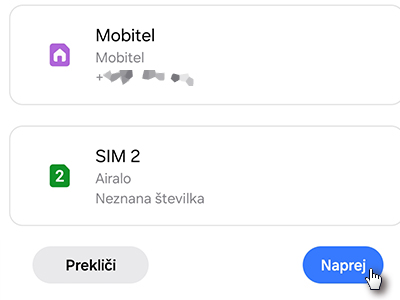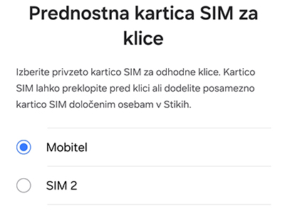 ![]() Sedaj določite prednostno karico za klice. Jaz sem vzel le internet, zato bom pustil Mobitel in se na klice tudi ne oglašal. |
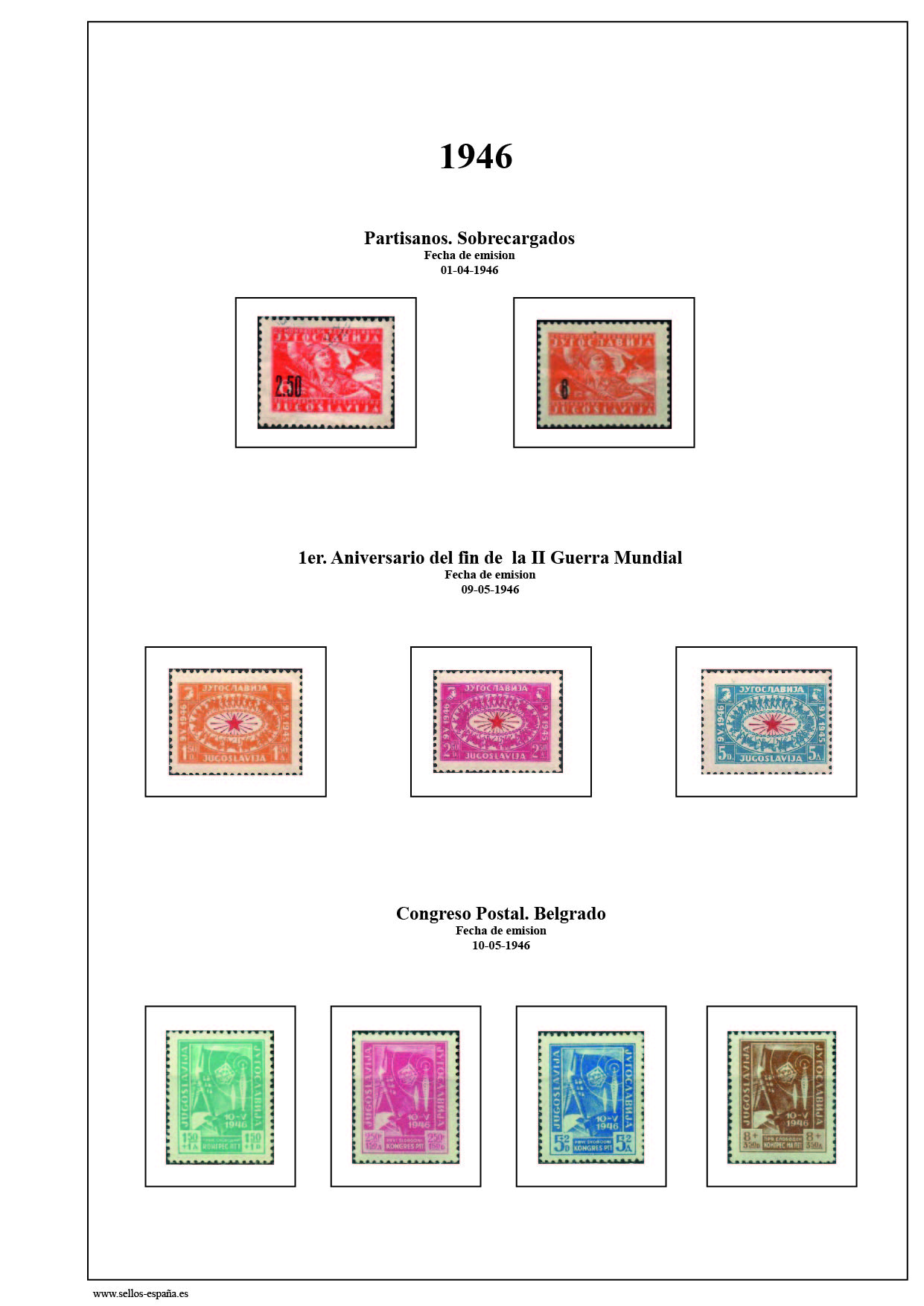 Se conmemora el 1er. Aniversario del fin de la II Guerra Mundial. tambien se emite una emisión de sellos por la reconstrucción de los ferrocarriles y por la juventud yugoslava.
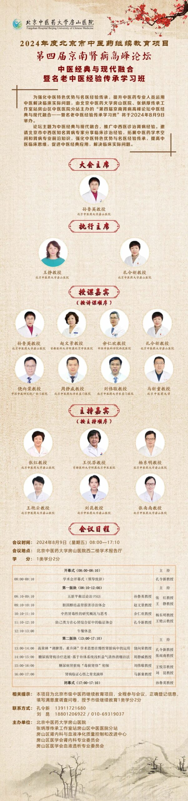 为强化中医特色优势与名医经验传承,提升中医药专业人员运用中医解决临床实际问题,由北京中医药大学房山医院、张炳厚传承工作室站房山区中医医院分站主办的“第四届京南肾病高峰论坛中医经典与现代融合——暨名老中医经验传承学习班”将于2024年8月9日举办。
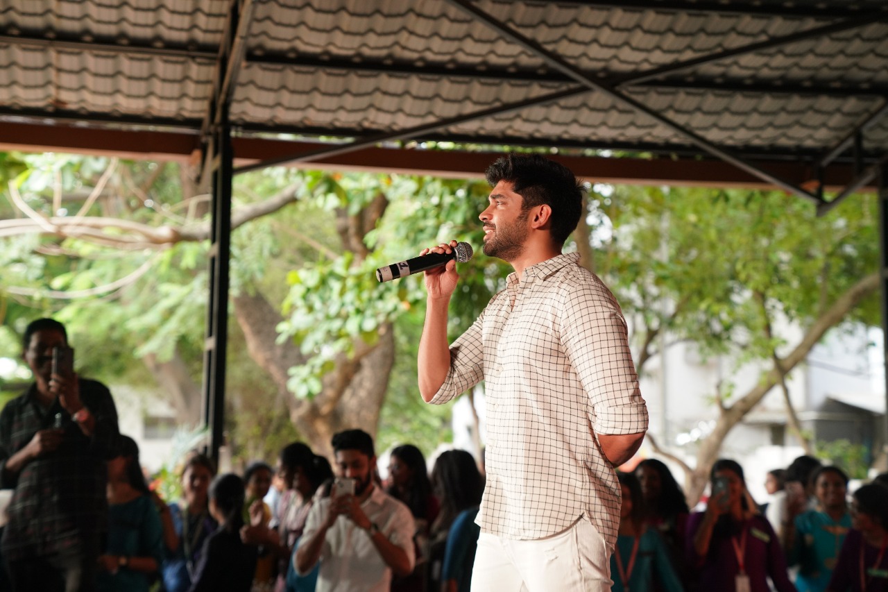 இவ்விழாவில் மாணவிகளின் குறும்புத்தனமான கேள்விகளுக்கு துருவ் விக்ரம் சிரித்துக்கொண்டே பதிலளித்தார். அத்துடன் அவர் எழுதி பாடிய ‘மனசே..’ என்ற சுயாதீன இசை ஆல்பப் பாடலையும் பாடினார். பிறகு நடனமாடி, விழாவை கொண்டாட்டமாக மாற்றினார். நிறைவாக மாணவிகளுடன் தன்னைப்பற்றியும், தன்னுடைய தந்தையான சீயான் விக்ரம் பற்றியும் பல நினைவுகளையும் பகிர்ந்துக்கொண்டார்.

...

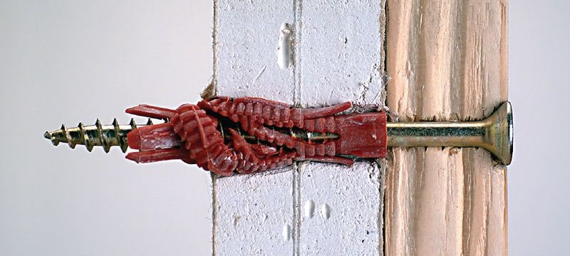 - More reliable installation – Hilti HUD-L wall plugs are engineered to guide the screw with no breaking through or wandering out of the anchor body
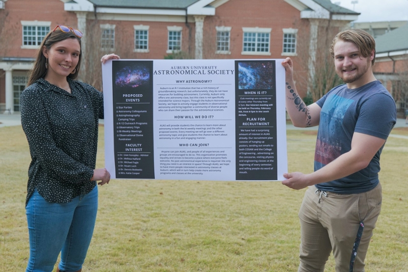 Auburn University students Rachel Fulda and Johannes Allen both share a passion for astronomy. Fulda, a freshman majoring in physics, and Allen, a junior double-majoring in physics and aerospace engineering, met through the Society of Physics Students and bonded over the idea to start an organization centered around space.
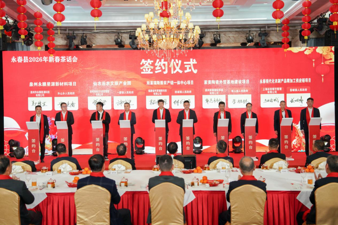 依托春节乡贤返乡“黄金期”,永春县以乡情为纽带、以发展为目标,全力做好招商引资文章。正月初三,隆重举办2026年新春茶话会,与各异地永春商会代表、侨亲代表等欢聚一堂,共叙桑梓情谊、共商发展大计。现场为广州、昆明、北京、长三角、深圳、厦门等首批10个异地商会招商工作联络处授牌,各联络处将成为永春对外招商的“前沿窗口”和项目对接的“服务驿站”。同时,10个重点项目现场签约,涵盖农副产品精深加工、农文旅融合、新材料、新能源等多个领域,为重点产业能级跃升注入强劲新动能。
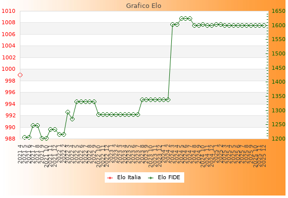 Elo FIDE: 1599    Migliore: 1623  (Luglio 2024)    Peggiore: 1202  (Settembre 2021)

* * *

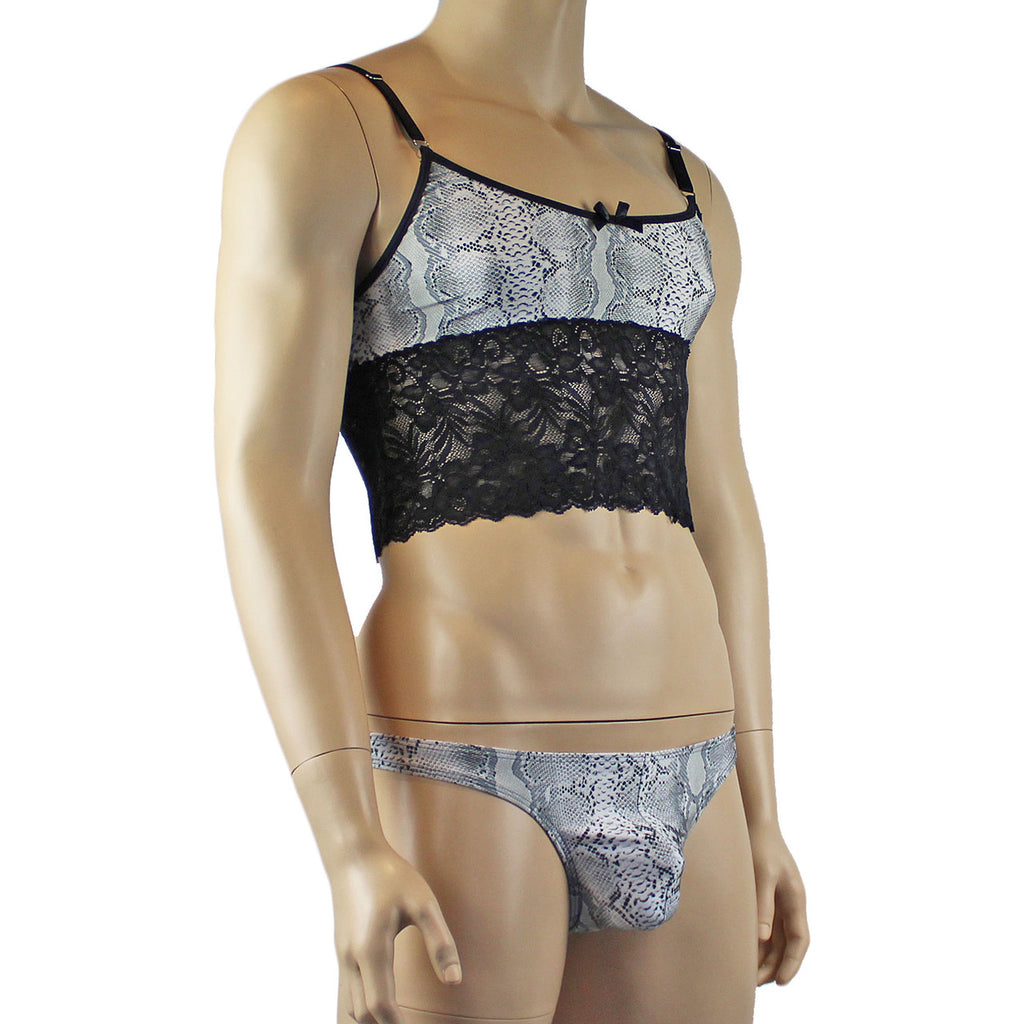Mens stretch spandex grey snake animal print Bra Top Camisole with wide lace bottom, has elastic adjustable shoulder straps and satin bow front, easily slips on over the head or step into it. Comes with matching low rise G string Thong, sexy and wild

*TASK BRIEF*
Copy out exactly the material that runs from the line with "Se conmemora el" to the line with "இவ்விழாவில் மாணவிகளின் குறும்புத்தனமான", ends included, and leave the pictures behind.

*SOLUTION TO THE PROBLEM*
 Se conmemora el 1er. Aniversario del fin de la II Guerra Mundial. tambien se emite una emisión de sellos por la reconstrucción de los ferrocarriles y por la juventud yugoslava.
 为强化中医特色优势与名医经验传承,提升中医药专业人员运用中医解决临床实际问题,由北京中医药大学房山医院、张炳厚传承工作室站房山区中医医院分站主办的“第四届京南肾病高峰论坛中医经典与现代融合——暨名老中医经验传承学习班”将于2024年8月9日举办。
 இவ்விழாவில் மாணவிகளின் குறும்புத்தனமான கேள்விகளுக்கு துருவ் விக்ரம் சிரித்துக்கொண்டே பதிலளித்தார். அத்துடன் அவர் எழுதி பாடிய ‘மனசே..’ என்ற சுயாதீன இசை ஆல்பப் பாடலையும் பாடினார். பிறகு நடனமாடி, விழாவை கொண்டாட்டமாக மாற்றினார். நிறைவாக மாணவிகளுடன் தன்னைப்பற்றியும், தன்னுடைய தந்தையான சீயான் விக்ரம் பற்றியும் பல நினைவுகளையும் பகிர்ந்துக்கொண்டார்.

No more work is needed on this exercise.